INPUT DATA |
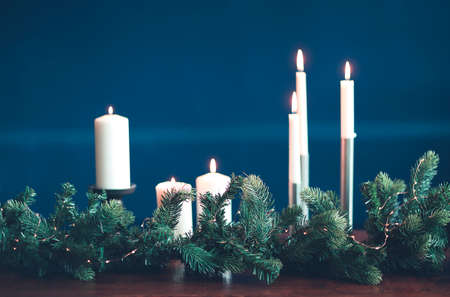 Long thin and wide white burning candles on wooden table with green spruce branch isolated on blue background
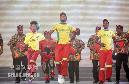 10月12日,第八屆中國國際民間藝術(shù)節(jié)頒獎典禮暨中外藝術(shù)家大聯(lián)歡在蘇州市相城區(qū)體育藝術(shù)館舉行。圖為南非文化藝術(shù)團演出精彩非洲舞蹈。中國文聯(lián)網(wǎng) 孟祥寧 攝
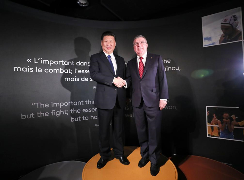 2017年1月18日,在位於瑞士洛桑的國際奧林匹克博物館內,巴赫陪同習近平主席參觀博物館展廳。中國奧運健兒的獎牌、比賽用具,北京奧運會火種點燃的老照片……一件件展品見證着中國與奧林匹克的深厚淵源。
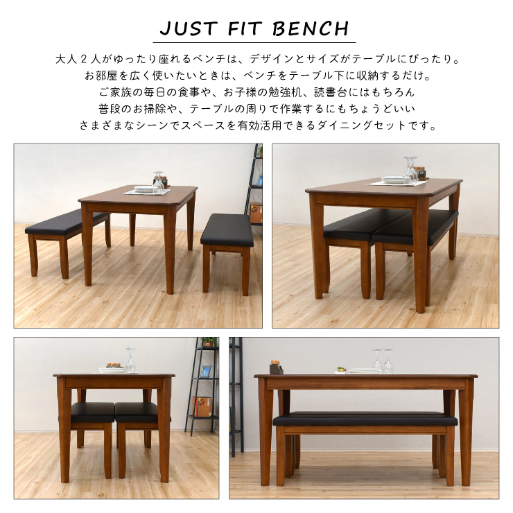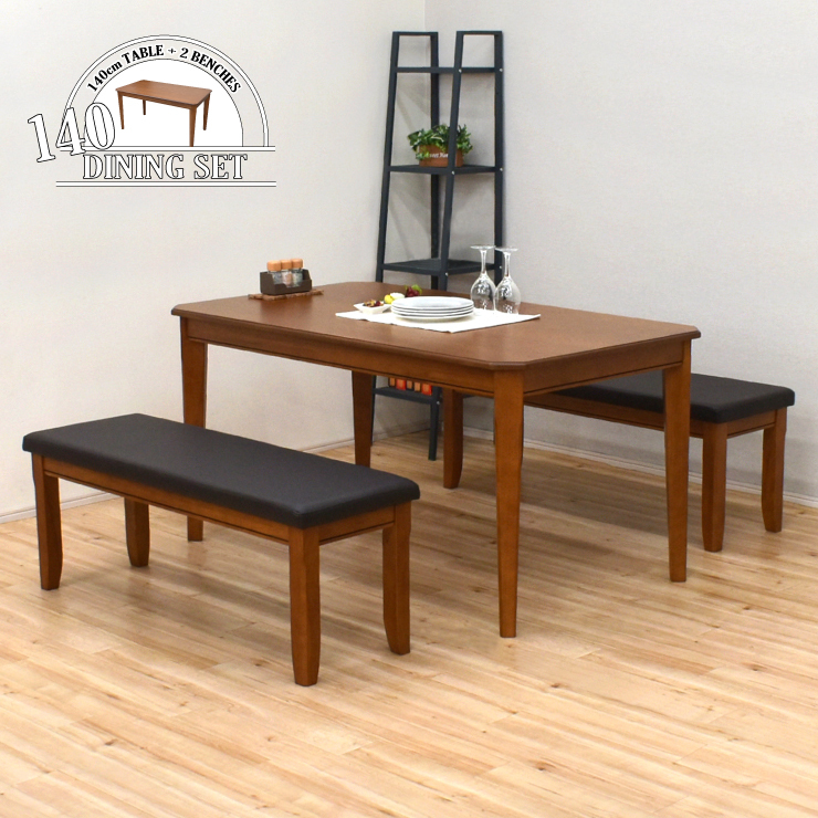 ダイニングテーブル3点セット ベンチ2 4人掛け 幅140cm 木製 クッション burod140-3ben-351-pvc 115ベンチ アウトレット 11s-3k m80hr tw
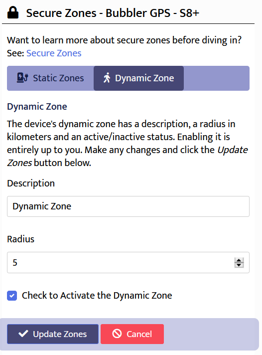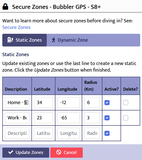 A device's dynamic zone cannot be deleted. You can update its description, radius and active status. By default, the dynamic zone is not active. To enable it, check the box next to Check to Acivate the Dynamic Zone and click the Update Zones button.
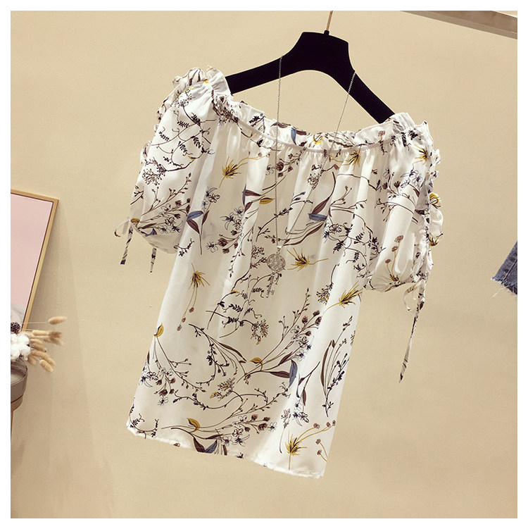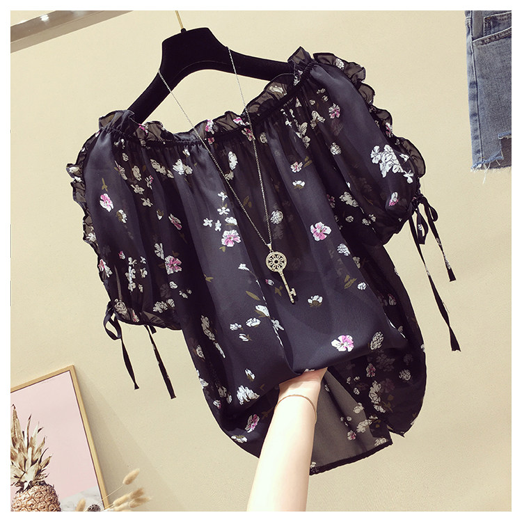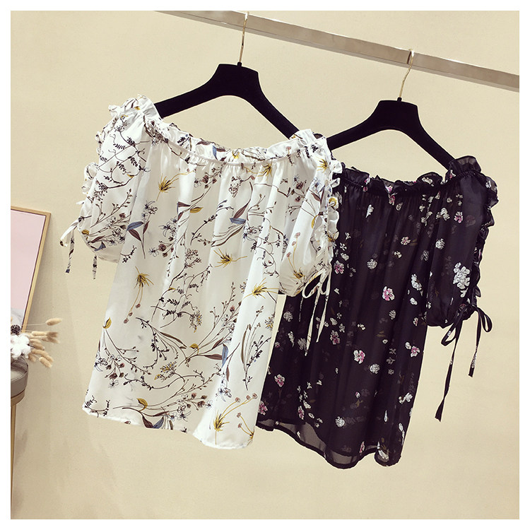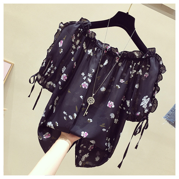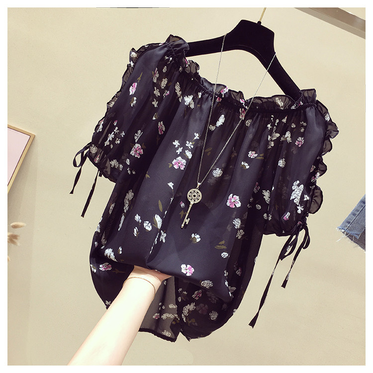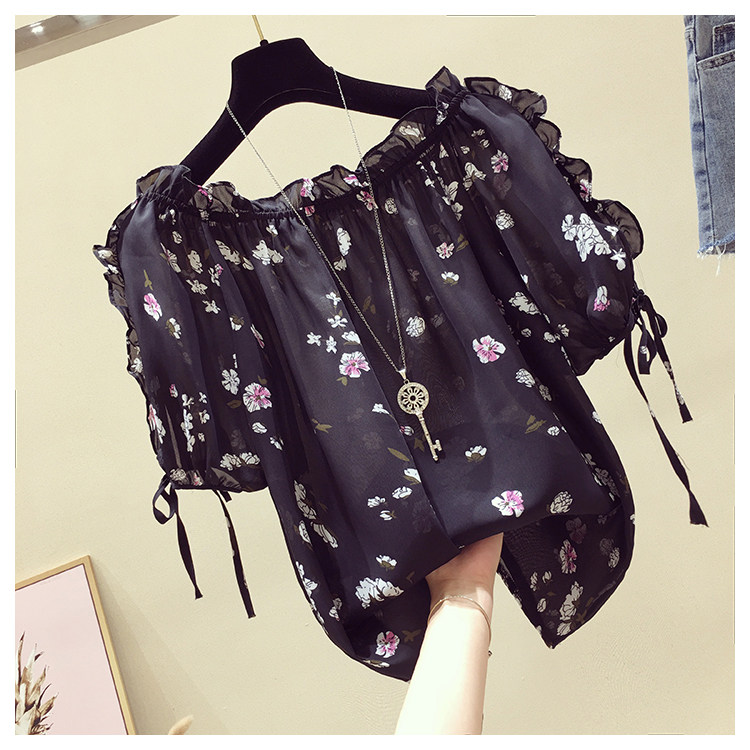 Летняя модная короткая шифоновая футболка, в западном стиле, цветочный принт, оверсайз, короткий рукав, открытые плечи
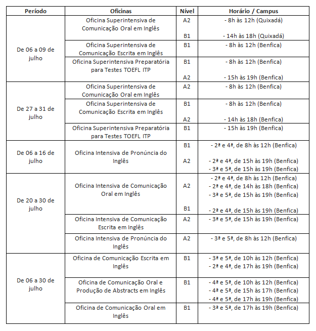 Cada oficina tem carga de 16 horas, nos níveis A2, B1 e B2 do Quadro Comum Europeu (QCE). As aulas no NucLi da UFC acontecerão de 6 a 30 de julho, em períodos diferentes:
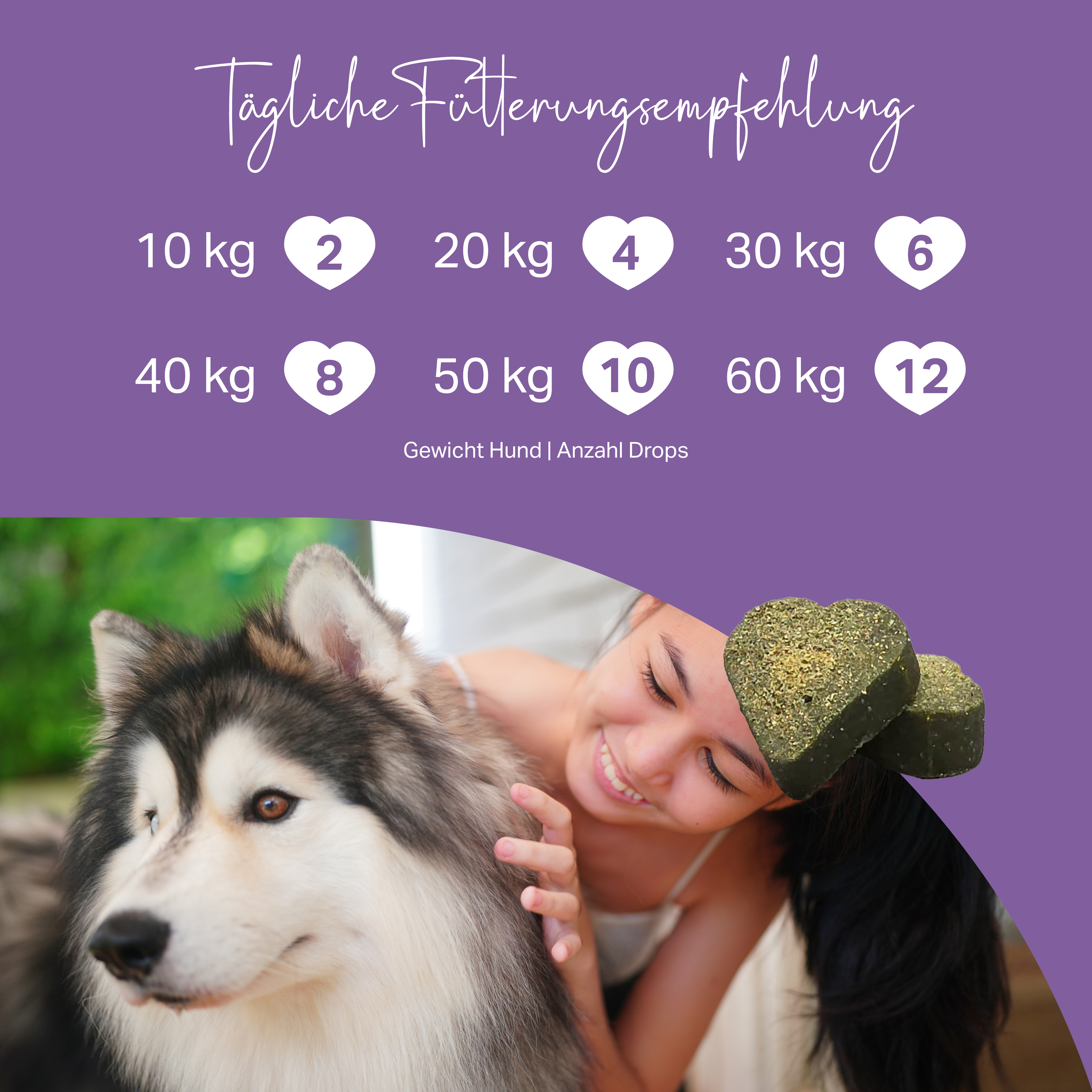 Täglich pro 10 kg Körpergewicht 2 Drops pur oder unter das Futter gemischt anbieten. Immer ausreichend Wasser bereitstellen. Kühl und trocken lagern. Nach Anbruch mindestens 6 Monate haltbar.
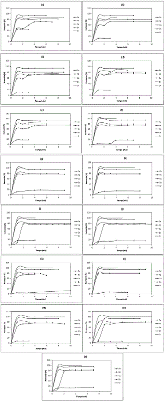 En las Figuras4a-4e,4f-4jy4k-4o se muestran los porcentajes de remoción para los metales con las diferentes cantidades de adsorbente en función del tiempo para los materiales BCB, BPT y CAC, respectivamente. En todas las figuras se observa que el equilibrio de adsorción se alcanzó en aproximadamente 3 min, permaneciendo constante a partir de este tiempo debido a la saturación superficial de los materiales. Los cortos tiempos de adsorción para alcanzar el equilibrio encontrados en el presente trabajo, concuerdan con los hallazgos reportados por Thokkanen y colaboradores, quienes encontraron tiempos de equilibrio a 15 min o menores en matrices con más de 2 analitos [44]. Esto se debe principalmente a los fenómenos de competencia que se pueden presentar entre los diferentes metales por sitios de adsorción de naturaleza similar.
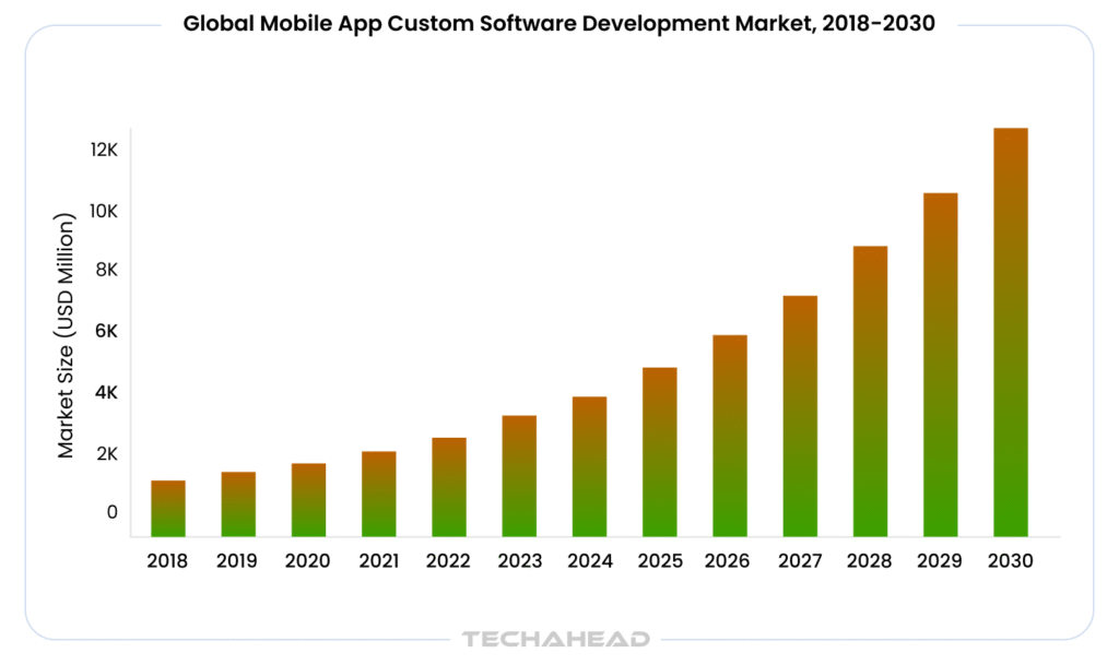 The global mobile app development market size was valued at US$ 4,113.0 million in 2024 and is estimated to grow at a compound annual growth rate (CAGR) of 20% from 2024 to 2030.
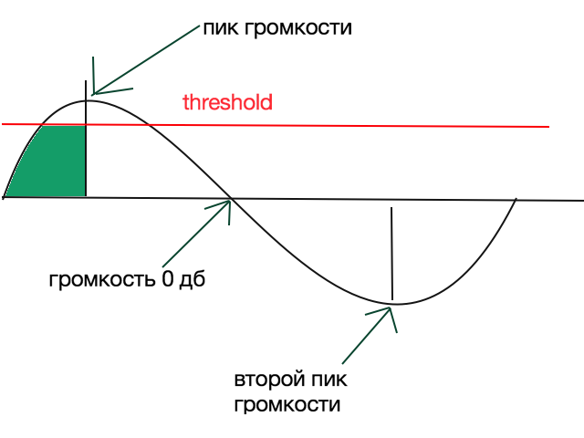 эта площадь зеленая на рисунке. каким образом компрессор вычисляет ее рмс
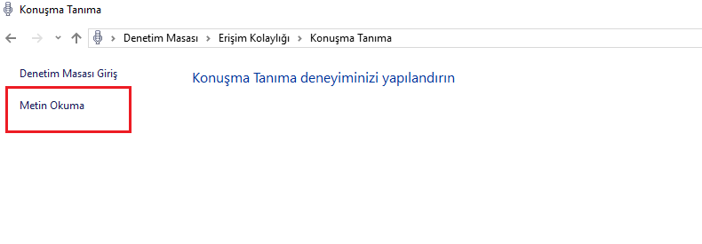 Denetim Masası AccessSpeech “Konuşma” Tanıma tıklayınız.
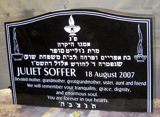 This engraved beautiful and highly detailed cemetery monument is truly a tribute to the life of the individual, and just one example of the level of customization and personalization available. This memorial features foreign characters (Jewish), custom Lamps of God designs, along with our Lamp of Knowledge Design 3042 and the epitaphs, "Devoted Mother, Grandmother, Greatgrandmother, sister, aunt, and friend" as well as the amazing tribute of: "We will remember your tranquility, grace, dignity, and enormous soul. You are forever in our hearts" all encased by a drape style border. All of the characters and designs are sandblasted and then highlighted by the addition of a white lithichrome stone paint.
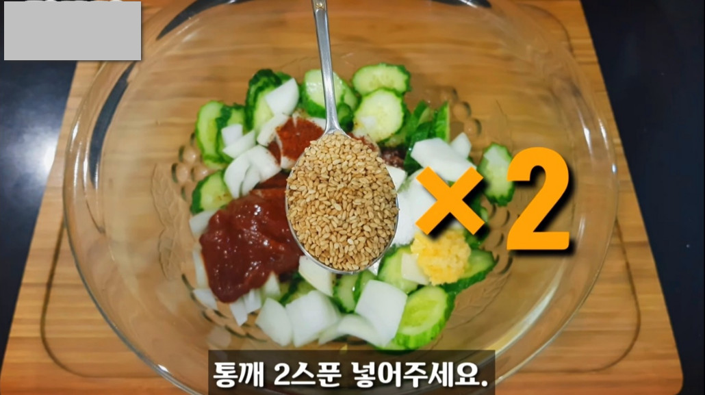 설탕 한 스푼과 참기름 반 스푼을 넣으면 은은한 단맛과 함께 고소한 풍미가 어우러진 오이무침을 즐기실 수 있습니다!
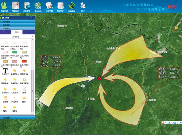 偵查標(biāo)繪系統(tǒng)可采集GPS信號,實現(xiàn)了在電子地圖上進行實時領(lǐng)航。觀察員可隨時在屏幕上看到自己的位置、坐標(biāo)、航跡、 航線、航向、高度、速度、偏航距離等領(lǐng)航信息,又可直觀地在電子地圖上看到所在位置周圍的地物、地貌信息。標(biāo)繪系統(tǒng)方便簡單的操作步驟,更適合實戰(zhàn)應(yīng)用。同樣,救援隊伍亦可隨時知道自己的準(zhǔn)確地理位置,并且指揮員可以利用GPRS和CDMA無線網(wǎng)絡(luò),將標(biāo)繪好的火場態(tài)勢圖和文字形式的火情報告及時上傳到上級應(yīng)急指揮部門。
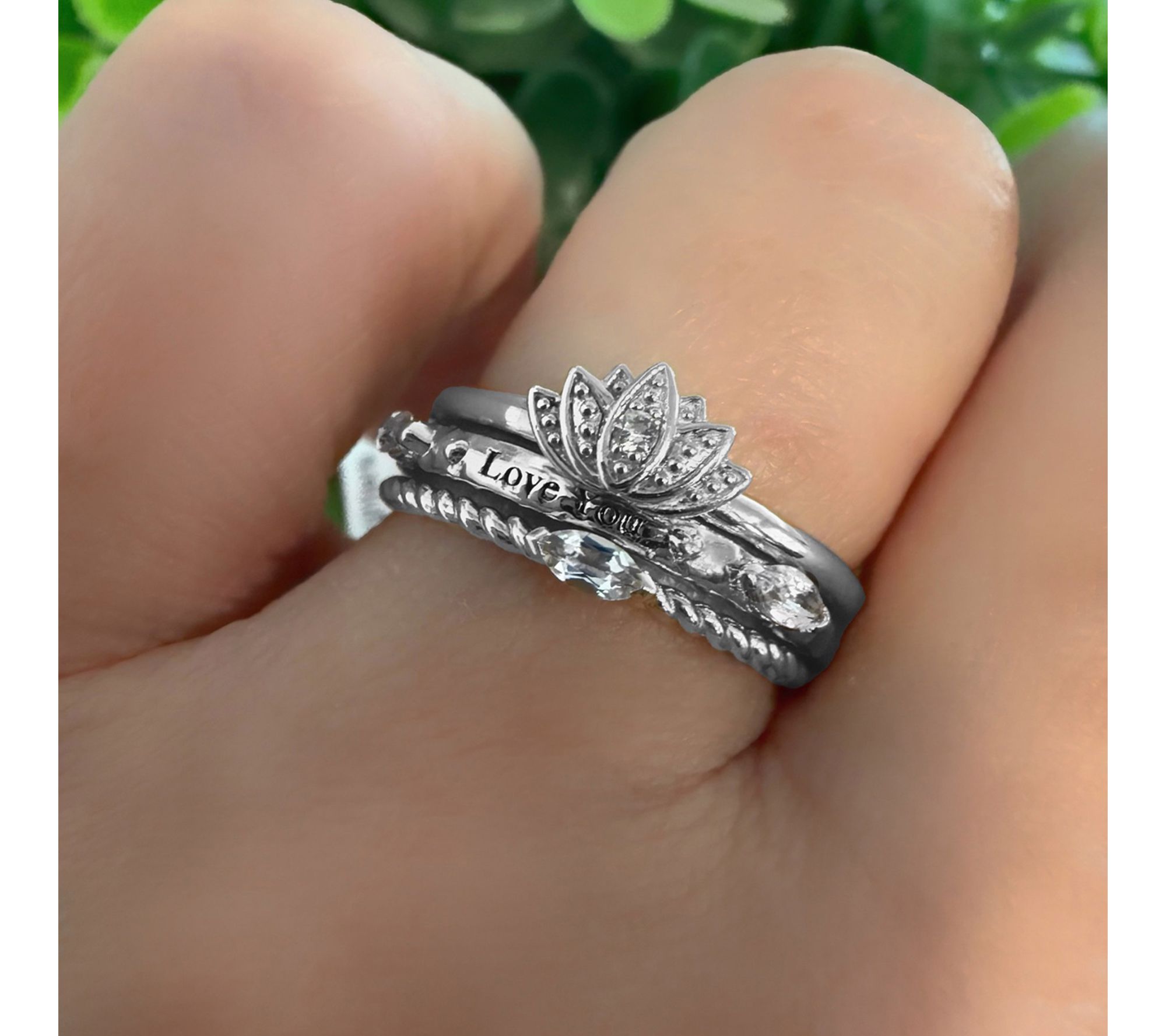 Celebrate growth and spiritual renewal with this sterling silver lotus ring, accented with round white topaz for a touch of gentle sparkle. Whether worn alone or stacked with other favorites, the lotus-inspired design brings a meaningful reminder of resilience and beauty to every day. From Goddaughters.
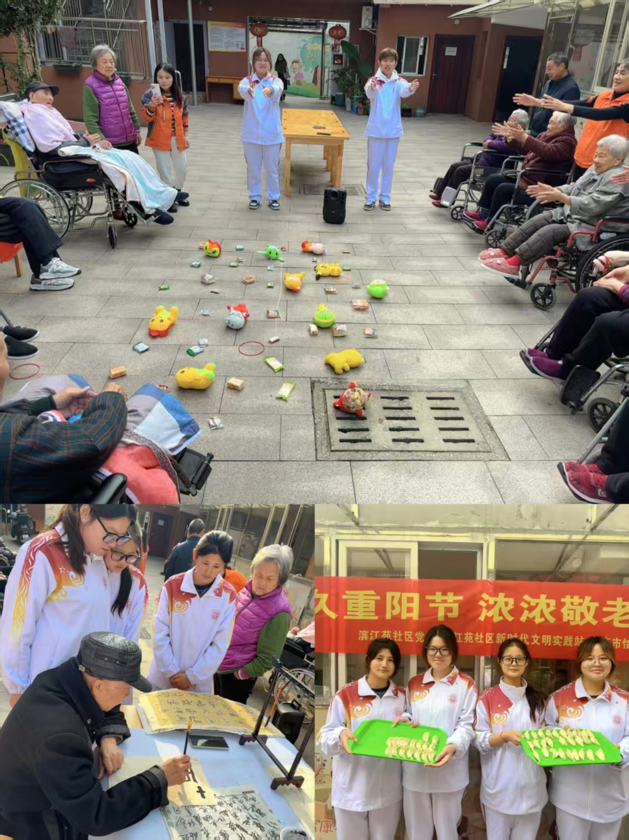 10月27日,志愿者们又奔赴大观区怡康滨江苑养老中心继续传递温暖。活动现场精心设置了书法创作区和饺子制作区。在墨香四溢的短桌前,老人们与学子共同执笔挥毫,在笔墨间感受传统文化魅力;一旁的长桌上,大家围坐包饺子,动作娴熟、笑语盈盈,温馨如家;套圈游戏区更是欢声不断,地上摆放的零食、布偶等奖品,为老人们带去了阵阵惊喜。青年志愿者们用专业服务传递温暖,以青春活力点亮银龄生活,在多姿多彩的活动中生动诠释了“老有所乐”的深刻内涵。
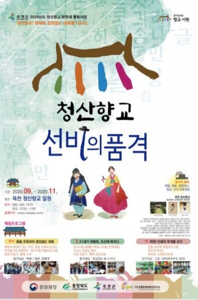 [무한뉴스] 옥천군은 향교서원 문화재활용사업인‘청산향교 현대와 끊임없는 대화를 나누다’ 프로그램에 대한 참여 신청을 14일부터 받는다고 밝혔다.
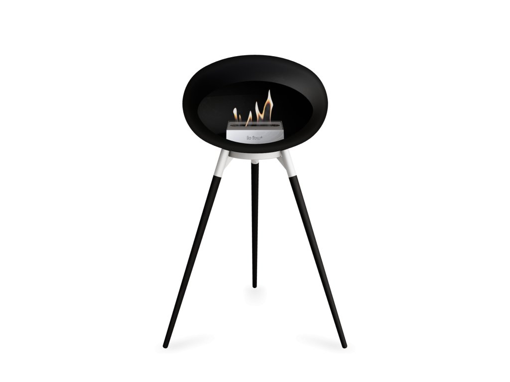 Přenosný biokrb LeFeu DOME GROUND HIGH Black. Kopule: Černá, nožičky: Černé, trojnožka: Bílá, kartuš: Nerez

TASK DETAILS | Your answer must be exactly the lines from the one containing "偵查標(biāo)繪系統(t" through the last line of the records above, both included, with every picture left out.

ANSWER SPACE |
 偵查標(biāo)繪系統(tǒng)可采集GPS信號,實現(xiàn)了在電子地圖上進行實時領(lǐng)航。觀察員可隨時在屏幕上看到自己的位置、坐標(biāo)、航跡、 航線、航向、高度、速度、偏航距離等領(lǐng)航信息,又可直觀地在電子地圖上看到所在位置周圍的地物、地貌信息。標(biāo)繪系統(tǒng)方便簡單的操作步驟,更適合實戰(zhàn)應(yīng)用。同樣,救援隊伍亦可隨時知道自己的準(zhǔn)確地理位置,并且指揮員可以利用GPRS和CDMA無線網(wǎng)絡(luò),將標(biāo)繪好的火場態(tài)勢圖和文字形式的火情報告及時上傳到上級應(yīng)急指揮部門。
 Celebrate growth and spiritual renewal with this sterling silver lotus ring, accented with round white topaz for a touch of gentle sparkle. Whether worn alone or stacked with other favorites, the lotus-inspired design brings a meaningful reminder of resilience and beauty to every day. From Goddaughters.
 10月27日,志愿者们又奔赴大观区怡康滨江苑养老中心继续传递温暖。活动现场精心设置了书法创作区和饺子制作区。在墨香四溢的短桌前,老人们与学子共同执笔挥毫,在笔墨间感受传统文化魅力;一旁的长桌上,大家围坐包饺子,动作娴熟、笑语盈盈,温馨如家;套圈游戏区更是欢声不断,地上摆放的零食、布偶等奖品,为老人们带去了阵阵惊喜。青年志愿者们用专业服务传递温暖,以青春活力点亮银龄生活,在多姿多彩的活动中生动诠释了“老有所乐”的深刻内涵。
 [무한뉴스] 옥천군은 향교서원 문화재활용사업인‘청산향교 현대와 끊임없는 대화를 나누다’ 프로그램에 대한 참여 신청을 14일부터 받는다고 밝혔다.
 Přenosný biokrb LeFeu DOME GROUND HIGH Black. Kopule: Černá, nožičky: Černé, trojnožka: Bílá, kartuš: Nerez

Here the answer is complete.